Pierce™ protein A/G magnetic beads (Thermo fischer, 88802) were washed 5 times 10 min with RIPA buffer. 300 ug of protein lysate were diluted in 1 ml of RIPA buffer containing protease and phosphatase inhibitors and were incubated with 30 ul of A/G magnetic beads for 1 h at 4 °C under gentle rotation. Protein lysates were harvested using a magnetic separator (Invitrogen) and were incubated overnight at 4 °C under gentle rotation with 10 ug of Unc5B antibody (R&D, AF1006) or control IgG. The next day, 40 ul of protein A/G magnetic beads were added to each protein lysate for 2 h at 4 °C under gentle rotation. Beads were then isolated using a magnetic separator and washed 5 times with RIPA buffer. After the last wash, supernatants were removed and beads were resuspended in 40ul of Laemmli buffer (Bio-Rad, 1610747), boiled at 95 °C for 5 min and loaded onto 4–15% gradient acrylamide gels. Western blotting was performed as described above.

Immunostaining

Brains were collected and placed in 3.7% formaldehyde overnight at 4 °C. Brains were then washed 3 times 10 min with TNT buffer (for 100 ml: 10 ml Tris 1 M pH7,4, 3 ml NaCl 5 M, 500 ul Triton X-100) and embedded in 2% agarose. 100 um sections were prepared using a Leica VT 1000S vibratome and placed in TNTB buffer (TNT buffer supplemented with 5% donkey serum) for 24 h at 4 °C. Primary antibodies were diluted in TNTB and placed for 48 h at 4 °C under gentle agitation. Then, sections were washed 5 times 30 min with TNT buffer and incubated for 24 h at 4 °C with secondary antibodies diluted in TNTB buffer. After 5x 30 min wash with TNT, sections were mounted using DAKO mounting medium (Agilent, S302380-2).

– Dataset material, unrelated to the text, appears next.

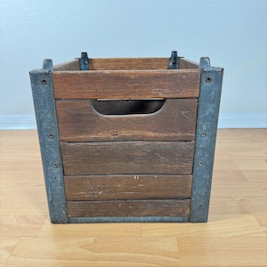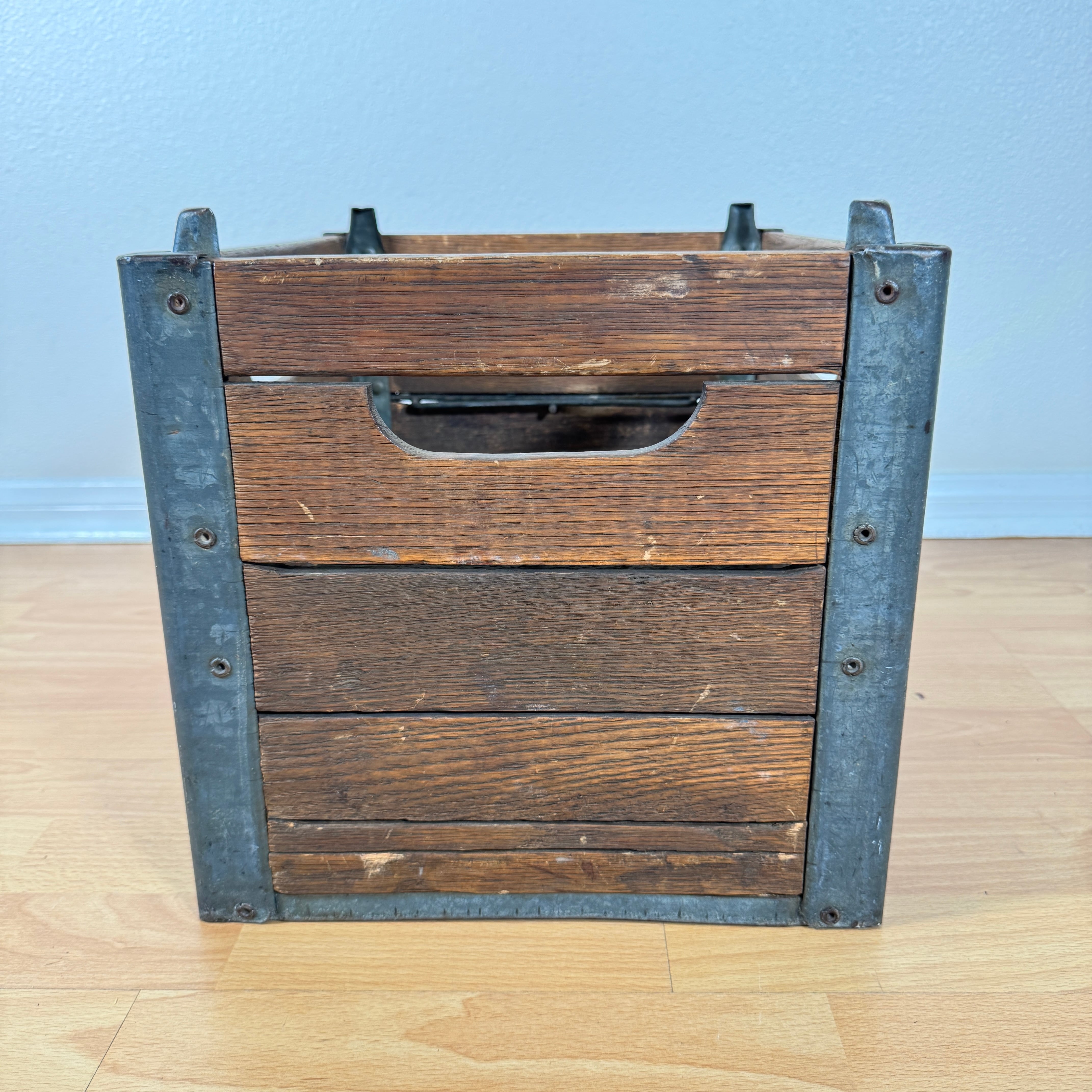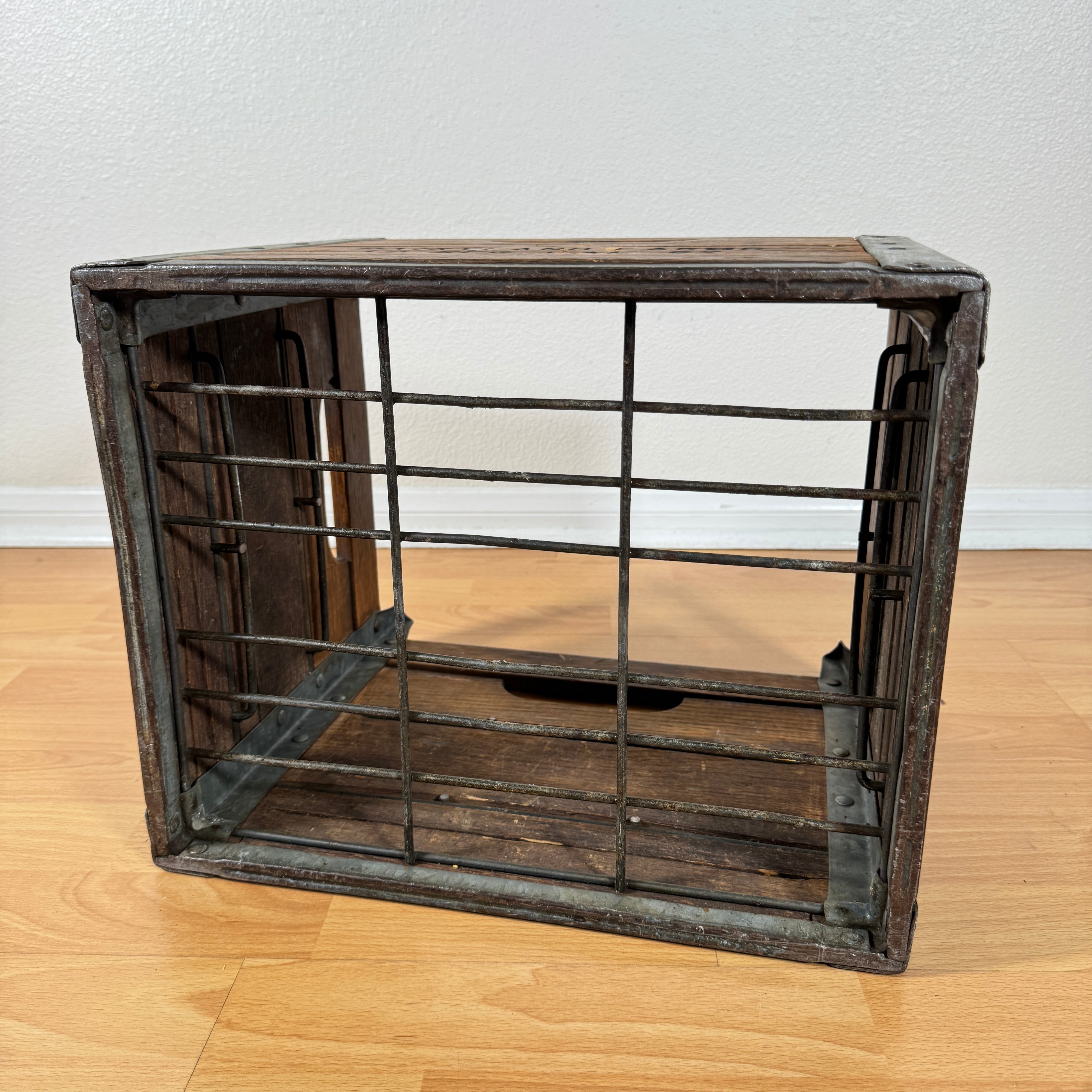 木製のボディと金属の補強フレームで作られており、頑丈さとビンテージならではの雰囲気を兼ね備えています。サイドには「DAIRYLAND FARMS 12 REG CAL 62」と刻印されており、当時の使用用途や時代背景を感じさせる希少な一点です。

For mouse brain endothelial cell immunostaining, cells were seeded on 18 mm glass coverslips (Fischer Scientific, 12542A). When confluent, cells were washed with PBS and fixed with 3.7% formaldehyde for 10 min. Cells were washed 3x 5 min with PBS and were incubated with 0.2% TritonX100 diluted in PBS for an additional 10 min, washed 3 times and incubated with blocking solution (2%BSA, 3%Donkey serum diluted in PBS) for 1 h at room temperature. Primary antibodies were then diluted in blocking solution and incubated on coverslips overnight at 4 °C. After 3x 5 min washes, secondary antibodies diluted in blocking buffer were incubated on coverslips for 2 h at room temperature. Coverslips were then washed 3x 5 min with PBS and mounted using DAKO mounting medium.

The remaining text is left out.